Proxy ARP on the PFSense

Published on
Authors
  • avatar
    Name
    Brian Kimball
    Twitter
Proxy ARP Network Diagram

What is Proxy Arp?

Proxy ARP is a technique by which a proxy server on a given network answers the Address Resolution Protocol (ARP) queries for an IP address that is not on that network.

- Wikipedia

There are a variety of reasons you may want to configure a proxy arp. You may want to disguise the other network, or you may have a firewall configuration that is strict on a particular network. I most commonly use as a way to firewall off a network and allow access to certain resources. The example shows traffic to a connected IPSEC tunnel, but it could really be any other network like a DMZ network, for example.

IPSEC tunnel

I already have the tunnel established between two networks, and have verified data flow. I will not go into detail about setting up the tunnel, but the key to ipsec tunnels is making sure your configuration is the same on both sides. More details can be found on the PFSense docs.

IPSEC tunnel

Local Network

The LAN in this scenario is a simple class C subnet in 192.168.1.0/24. The screenshots are taken from a production network, but I have used Photoshop to change the IP ranges. On the PFSense you will want to add a new virtual IP, with the virtual ip type being "Proxy ARP".

Virtual IP

This scenario is just a single IP address, so we maintain the /32 bitmask. This will add an ARP entry to the ARP table on the firewall. It is only an ARP entry, so if you try to ping the IP, you will not get a response. Traffic to that address will, however, be sent to the firewall, so it can be routed to the correct destination.

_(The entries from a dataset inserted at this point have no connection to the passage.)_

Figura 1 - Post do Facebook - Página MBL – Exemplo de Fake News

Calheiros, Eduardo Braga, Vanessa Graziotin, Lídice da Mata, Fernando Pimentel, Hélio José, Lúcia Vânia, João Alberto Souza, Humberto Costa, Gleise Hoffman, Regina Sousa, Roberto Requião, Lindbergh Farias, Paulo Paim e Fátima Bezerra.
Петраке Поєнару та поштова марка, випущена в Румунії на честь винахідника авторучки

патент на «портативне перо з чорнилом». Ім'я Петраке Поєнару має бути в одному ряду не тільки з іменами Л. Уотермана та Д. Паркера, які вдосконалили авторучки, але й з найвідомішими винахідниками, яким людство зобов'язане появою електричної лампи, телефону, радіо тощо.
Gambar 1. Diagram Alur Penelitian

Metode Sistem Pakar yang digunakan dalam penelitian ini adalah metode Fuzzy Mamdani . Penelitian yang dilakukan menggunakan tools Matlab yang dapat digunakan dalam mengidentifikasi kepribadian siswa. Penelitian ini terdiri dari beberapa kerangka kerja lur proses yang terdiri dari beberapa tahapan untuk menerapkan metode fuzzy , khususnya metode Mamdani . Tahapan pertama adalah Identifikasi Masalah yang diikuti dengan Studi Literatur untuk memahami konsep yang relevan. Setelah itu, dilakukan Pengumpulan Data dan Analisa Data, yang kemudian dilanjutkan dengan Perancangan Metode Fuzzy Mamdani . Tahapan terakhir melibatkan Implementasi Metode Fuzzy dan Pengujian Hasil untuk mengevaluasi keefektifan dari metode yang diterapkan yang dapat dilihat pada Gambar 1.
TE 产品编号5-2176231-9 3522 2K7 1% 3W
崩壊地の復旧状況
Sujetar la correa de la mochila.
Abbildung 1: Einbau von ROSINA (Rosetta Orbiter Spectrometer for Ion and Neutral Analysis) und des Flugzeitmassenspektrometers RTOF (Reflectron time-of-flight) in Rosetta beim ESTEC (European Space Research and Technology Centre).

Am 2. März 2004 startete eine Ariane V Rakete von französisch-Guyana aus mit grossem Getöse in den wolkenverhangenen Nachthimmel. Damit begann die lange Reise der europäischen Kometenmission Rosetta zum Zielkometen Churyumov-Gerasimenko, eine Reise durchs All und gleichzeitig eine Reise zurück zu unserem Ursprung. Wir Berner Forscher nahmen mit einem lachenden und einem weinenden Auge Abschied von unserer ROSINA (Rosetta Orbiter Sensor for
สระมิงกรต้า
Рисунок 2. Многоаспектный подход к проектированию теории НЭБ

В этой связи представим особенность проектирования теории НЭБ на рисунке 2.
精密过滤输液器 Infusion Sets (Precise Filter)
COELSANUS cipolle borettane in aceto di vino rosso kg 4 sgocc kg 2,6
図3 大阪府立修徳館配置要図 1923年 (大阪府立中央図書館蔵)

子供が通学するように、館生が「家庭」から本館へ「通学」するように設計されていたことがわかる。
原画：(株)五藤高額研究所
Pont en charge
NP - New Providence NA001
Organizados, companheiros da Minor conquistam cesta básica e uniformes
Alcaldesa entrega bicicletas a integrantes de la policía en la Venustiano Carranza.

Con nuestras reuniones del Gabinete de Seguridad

Forwarding to the Remote Network

Now that we have the Proxy ARP configured on our LAN, we need to send the traffic over to our remote network. The remote network is another C class network of 192.168.2.0/24. We already have it connected via the IPSEC tunnel. On that network we have a server with the IP address of 192.168.2.30. The goal is that a user on the LAN should be able to access the 192.168.1.30 address and the firewall proxy the traffic to the server at 192.168.2.30. To accomplish this, we set up a port-forwarding rule to send traffic destined for 192.168.1.30 to 192.168.2.30.

Port Forwarding

In this scenario, we are forwarding all TCP, UDP and ICMP traffic to the remote server. We could narrow it down to fewer ports if we wanted to. Once the rule is in place users on the LAN should be able to access the remote server using the LAN address.